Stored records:
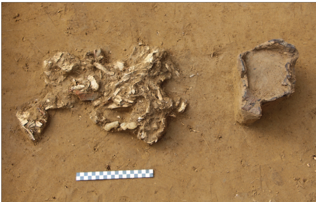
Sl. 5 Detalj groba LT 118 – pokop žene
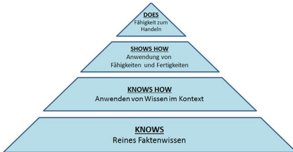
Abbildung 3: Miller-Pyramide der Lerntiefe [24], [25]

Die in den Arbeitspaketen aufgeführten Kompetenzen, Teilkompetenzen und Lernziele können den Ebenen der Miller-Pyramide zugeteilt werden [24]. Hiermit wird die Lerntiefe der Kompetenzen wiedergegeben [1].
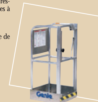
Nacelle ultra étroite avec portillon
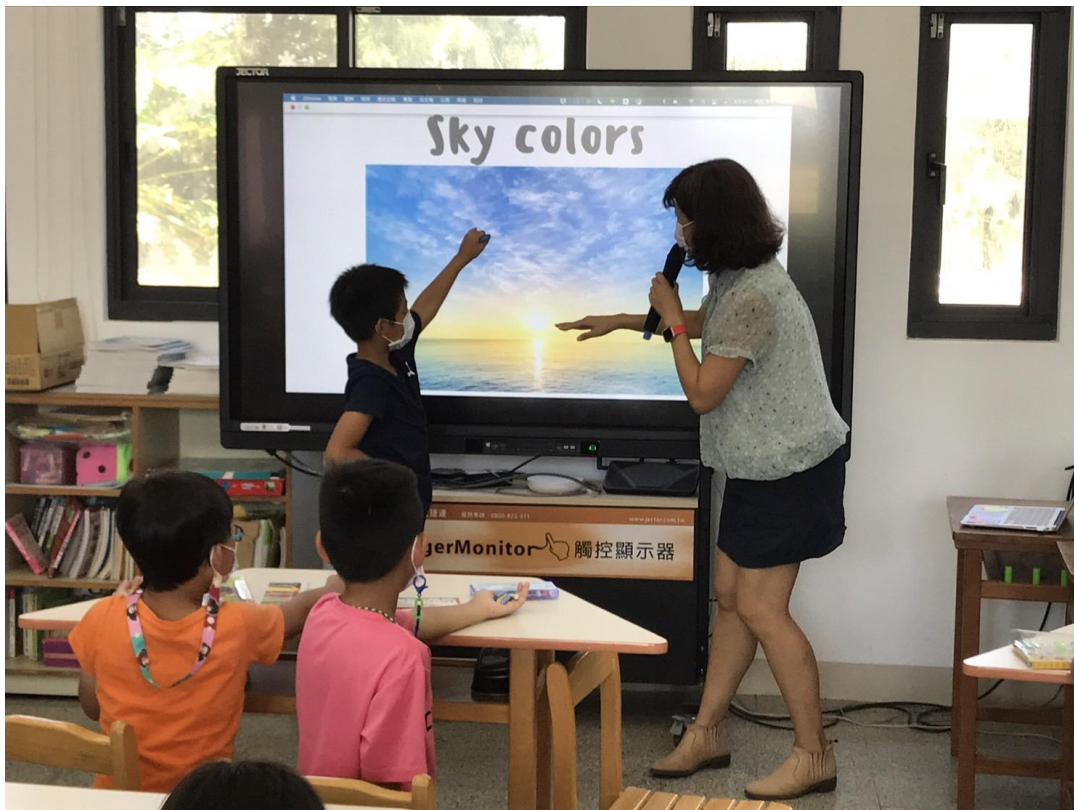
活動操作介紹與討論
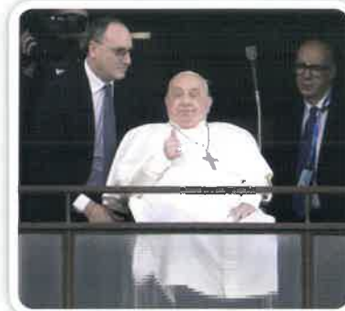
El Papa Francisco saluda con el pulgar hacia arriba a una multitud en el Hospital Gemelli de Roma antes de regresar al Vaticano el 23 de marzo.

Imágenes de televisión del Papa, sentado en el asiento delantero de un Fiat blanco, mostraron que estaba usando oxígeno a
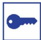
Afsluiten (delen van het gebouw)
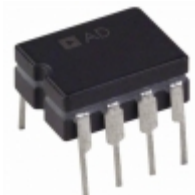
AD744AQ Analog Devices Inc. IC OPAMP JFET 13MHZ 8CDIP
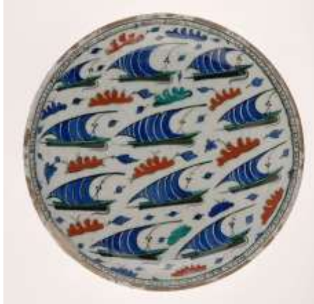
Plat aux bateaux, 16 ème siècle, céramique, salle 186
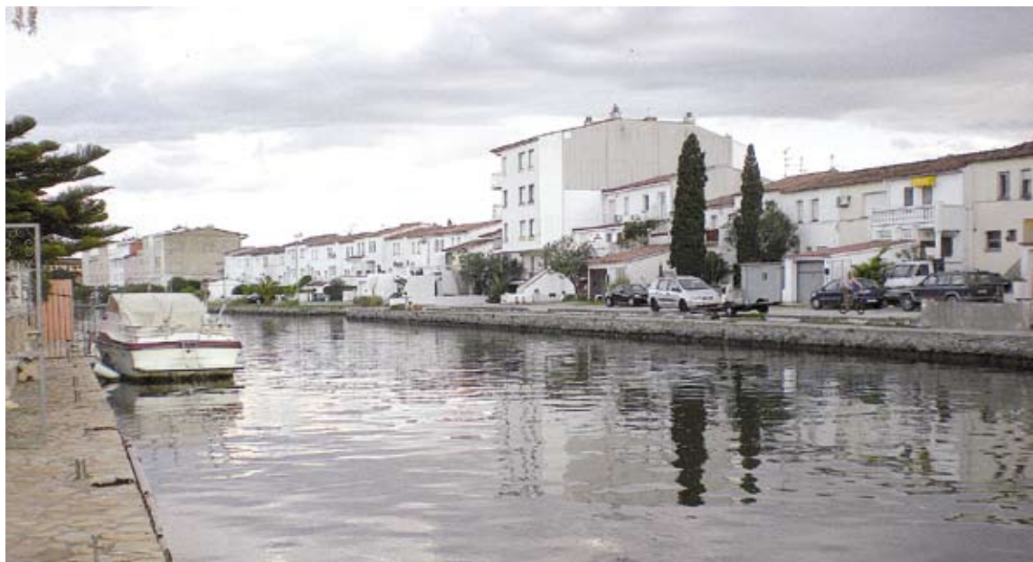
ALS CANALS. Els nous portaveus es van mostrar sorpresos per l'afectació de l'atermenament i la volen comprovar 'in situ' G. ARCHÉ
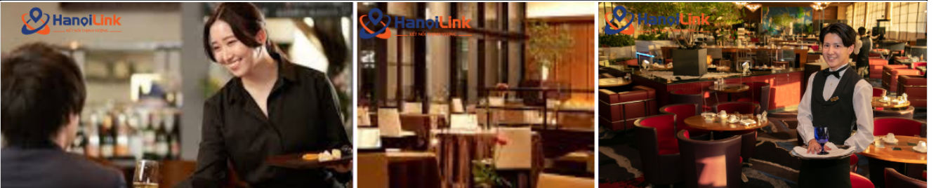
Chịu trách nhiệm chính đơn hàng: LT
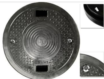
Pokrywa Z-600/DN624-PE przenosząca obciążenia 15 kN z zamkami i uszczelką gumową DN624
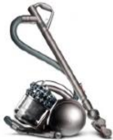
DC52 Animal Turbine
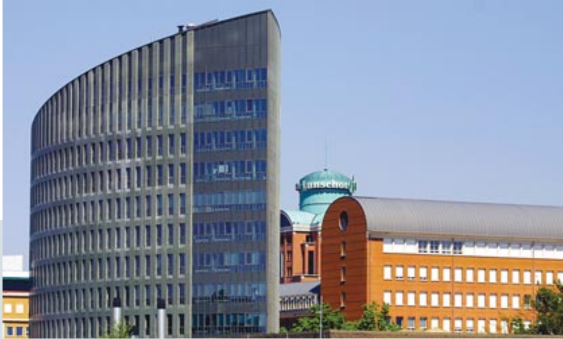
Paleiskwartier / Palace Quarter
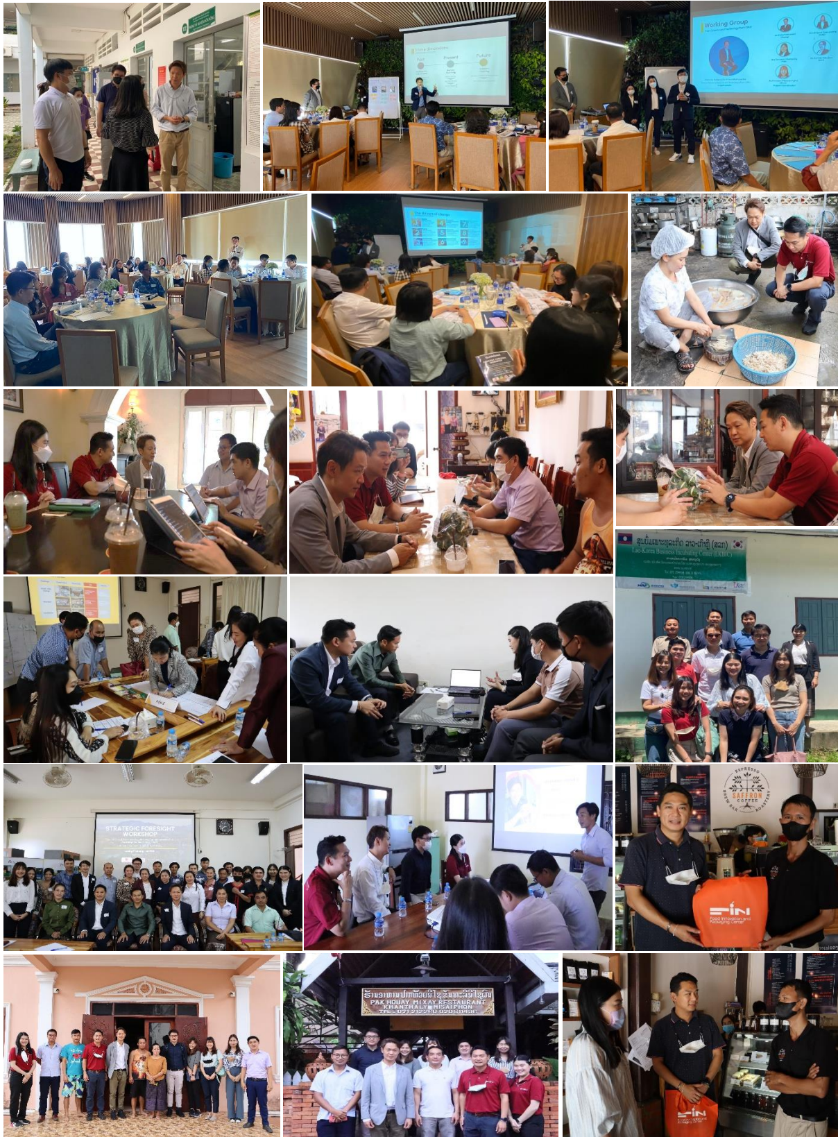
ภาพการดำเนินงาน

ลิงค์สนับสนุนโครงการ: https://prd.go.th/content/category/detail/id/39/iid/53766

> **REQUIRED ACTION**: Would you retype the entries above in full, exactly as written, minus the pictures?

> **RESULT FOR THIS EXERCISE**:
Sl. 5 Detalj groba LT 118 – pokop žene
Abbildung 3: Miller-Pyramide der Lerntiefe [24], [25]

Die in den Arbeitspaketen aufgeführten Kompetenzen, Teilkompetenzen und Lernziele können den Ebenen der Miller-Pyramide zugeteilt werden [24]. Hiermit wird die Lerntiefe der Kompetenzen wiedergegeben [1].
Nacelle ultra étroite avec portillon
活動操作介紹與討論
El Papa Francisco saluda con el pulgar hacia arriba a una multitud en el Hospital Gemelli de Roma antes de regresar al Vaticano el 23 de marzo.

Imágenes de televisión del Papa, sentado en el asiento delantero de un Fiat blanco, mostraron que estaba usando oxígeno a
Afsluiten (delen van het gebouw)
AD744AQ Analog Devices Inc. IC OPAMP JFET 13MHZ 8CDIP
Plat aux bateaux, 16 ème siècle, céramique, salle 186
ALS CANALS. Els nous portaveus es van mostrar sorpresos per l'afectació de l'atermenament i la volen comprovar 'in situ' G. ARCHÉ
Chịu trách nhiệm chính đơn hàng: LT
Pokrywa Z-600/DN624-PE przenosząca obciążenia 15 kN z zamkami i uszczelką gumową DN624
DC52 Animal Turbine
Paleiskwartier / Palace Quarter
ภาพการดำเนินงาน

ลิงค์สนับสนุนโครงการ: https://prd.go.th/content/category/detail/id/39/iid/53766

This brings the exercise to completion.